My Story

I was born with congenital heart defect (CHD) and diagnosed with Marfan syndrome (MFS), a genetic systemic connective tissue disorder when I was two and a half years old. I have lived through 15 surgeries to date, including two open heart surgeries at the age of 10 and 12 and continue navigating through a life with chronic illness.

My journey growing up with Marfan syndrome and visual impairment has very much guided the academic and practice focus I am working on/towards today. I always loved the written word and through sociology and other social sciences I found that I could analyze and express my biographical experiences of illness using scholarly and narrative techniques. In doing so, I have come closer to understanding what living with Marfan syndrome has meant for myself and my life. On the outset, I did not quite realize how demanding yet cathartic this would be for me. I’ve found that I am not alone in wanting to write about my experiences and have had this path illuminated for me by incredible mentors, scholars, activists and therapists.

In 2012, I graduated from Wilfrid Laurier University with a Masters of Sociology: Families, Health and Well-being. Since that time I’ve worked in health services research and academic practice studying how policies, programs and practices create the conditions in which people give and receive care. I also work closely with and mentor clinical staff on how to study and evaluate their practice. Through this work I’ve found myself embedded in a hospital network where I am also a patient, giving me unique (and sometimes difficult) insights into the complexity of navigating our health care system. I’ve also engaged in numerous patient advising and/or advocacy roles in non-profit, government and research.

I decided to return to graduate school in 2016 for my Masters in Social Work at the University of Toronto after a delayed start due to health issues. This degree felt like it was a long time coming and I once again found my mind and heart expanding in different, though complementary ways to my previous degree.

My earnest desire to work more closely with individuals, families and communities touched by illness has led me here.

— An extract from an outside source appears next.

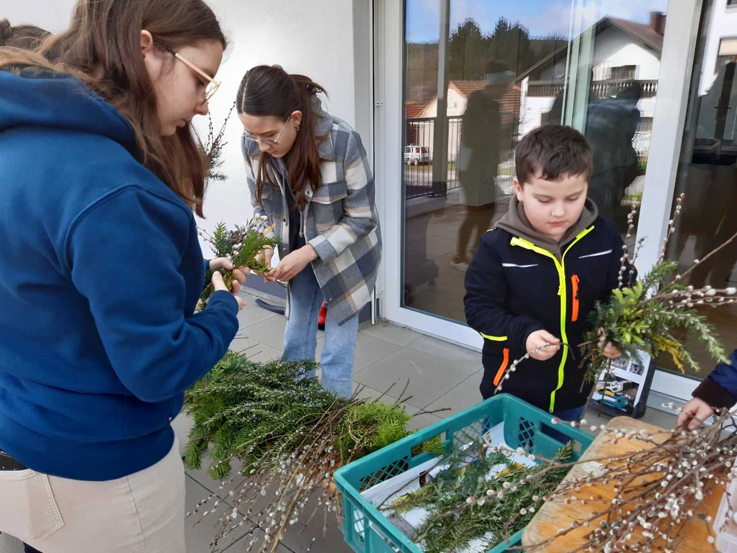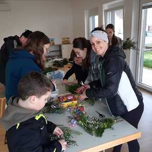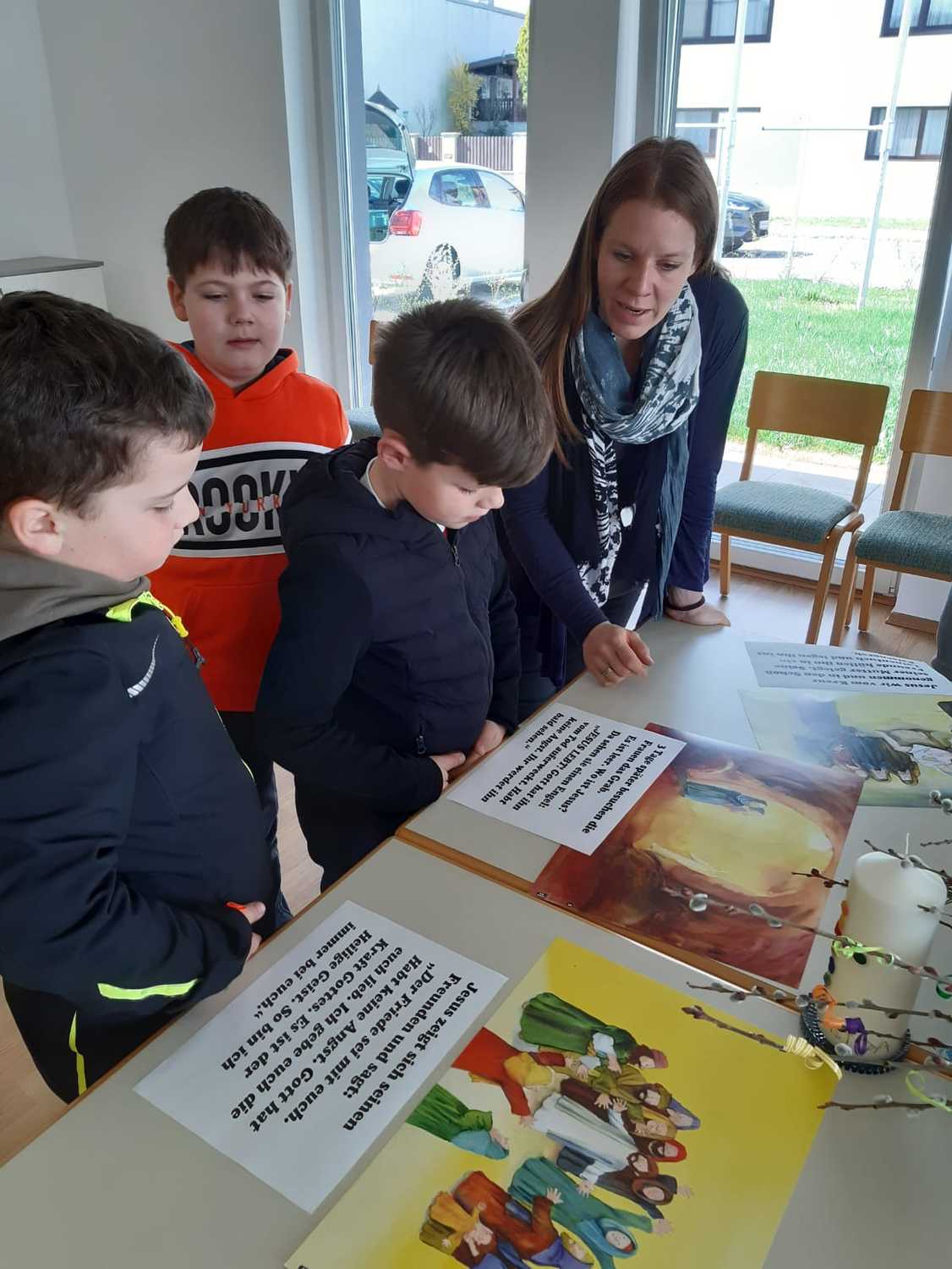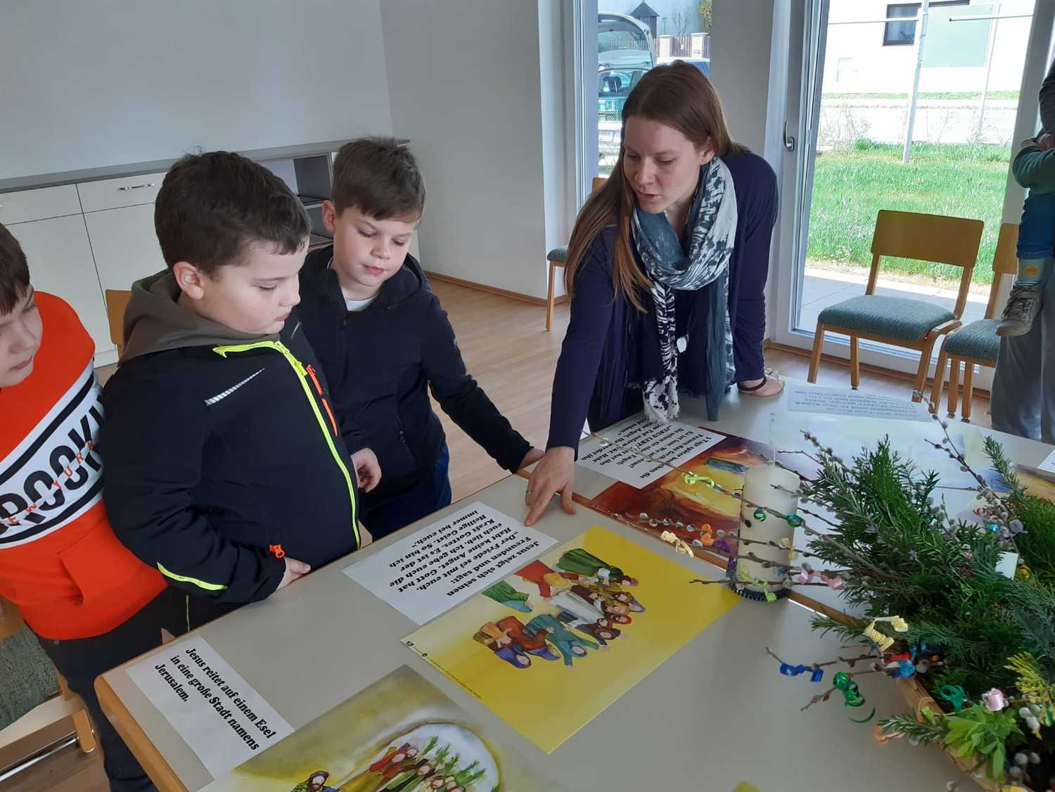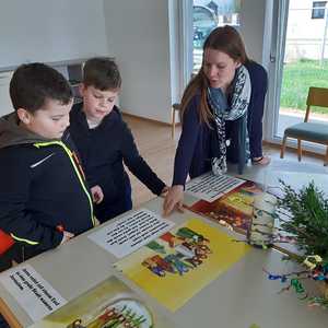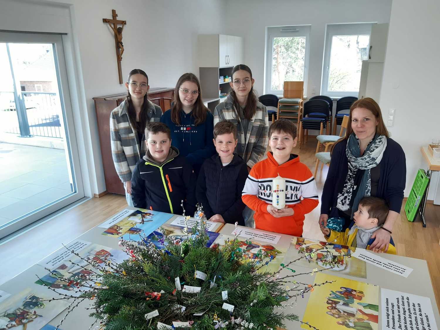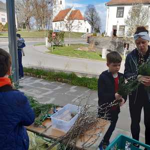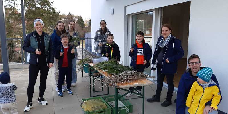 Damit auch wir unsere Freude zeigen können und so wie die Menschen damals Jesus begrüßen können, haben die Kinder unter Anleitung von Jungscharleiterin Katja und Tischmutter Carina wunderschöne Palmbuschen mit den Kindern gebunden. Gemeinsam wurde auch eine Kerze für den Pfarrhof gebastelt und die Fenster des Pfarrhofes wurden mit Bildern und Texten der Karwoche geschmückt.

Through my social work training I gained valuable therapeutic skills in hospital and community settings working alongside clients through illness, transitions, end of life, grief, trauma, relationship strain, isolation, system navigation and much more. As a social worker, I bear witness to the incredible strengths and resiliency of the human spirit from a different position. I feel privileged to hold space for those wading through moments of uncertainty, shame, sadness, anxiety, fear, anger, self doubt but also laughter, relief, expression, vulnerability, triumph and re-connection.

I turned to Reiki, a Japanese technique for stress reduction and relaxation that also promotes healing, during a health crisis in 2016. Since that time I completed my level I and II reiki training and am currently working towards my Master Practitioner certification with the Canadian Reiki Association. I’ve found reiki to a be a beautiful complement in my own healing journey and an important spiritual practice in my life.

I continue to work towards unraveling how to live well with chronic illness, exploring what it means to heal and how we might learn to find peace – body, mind and spirit – wherever we are on this path.